To modern eyes, the made-up characters are extremely easy to spot. Douglas’ first quick-change in a rest room, slipping out sclera contacts and replacing a bald cap, is still a marvelously-staged sequence, and was likely quite a shock to ‘60s audiences. Now that every film fan is world-weary, delighting in proclaiming “that’s so fake!” at every movie’s slight-of-hand, the masquerades designed by Bud Westmore in Messenger will be unlikely to impress. But if you’re heart isn’t two-sizes too-small, you’ll let it go and just have a good time.

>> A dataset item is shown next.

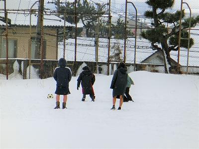 先日からの降雪で、運動場に一面の銀世界が広がりました。

But here’s where Huston’s hoax really comes into play. As it turns out, his trickery was not in the disguises but the disguised. With the sole exception of Robert Mitchum playing a sinister soldier, none of the famous actors are in the movie. They’re only in the unmasking sequence! Accounts differ as to who played whom and to what extent, but character actor Dave Willock definitely doubled for Douglas during some of the lengthier disguise sequences while the rest were likely portrayed by Space Patrol’s Jan Merlin. In fact, Merlin’s novel, Shooting Montezuma, involves the making of a movie where disguise and deception plays a key role. To add insult to injury, the legendary Paul Frees provided the voices for Sinatra, Curtis and Lancaster.

In the end, Huston makes monkeys out of us all twice. It’s up to the deceived to decide if it was a low-down rotten trick or a mastery of public relations. After all, he didn’t have to pay exorbitant fees for his cameo-ees, outside of a couple hours’ worth of scratch for the masking and reveal, and he still got some glamorous mugs for the curtain call and the advertising. You can’t say that Sinatra or Lancaster aren’t in the movie, just not in the way you expect. Not a rare rug-pull then and it’s still used today. The “Famous Face on the Box” Deception.

But that doesn’t make The List of Adrian Messenger any less a joy to watch than do the visible wires attached to the actors during the climactic fox hunt. It’s all Hollywood magic trickery, from the exciting but predictable plot (based on the 1961 book by Philip MacDonald) to the bombastic acting to Scott’s amused grin permanently-affixed beneath his impressive moustache. It’s a Golden Age film for an audience growing more and more sophisticated with each release.

Now, the usual sturm and drang: The List of Adrian Messenger can only be found on the Warner Brothers Collection DVD-R-on-Demand service, unless you want to try and catch it on cable (TCM runs it frequently). It might be one movie where the remastering is to its detriment. The clarity of the wires and seams (both in terms of make-up and plot threads) are made too visible by technology.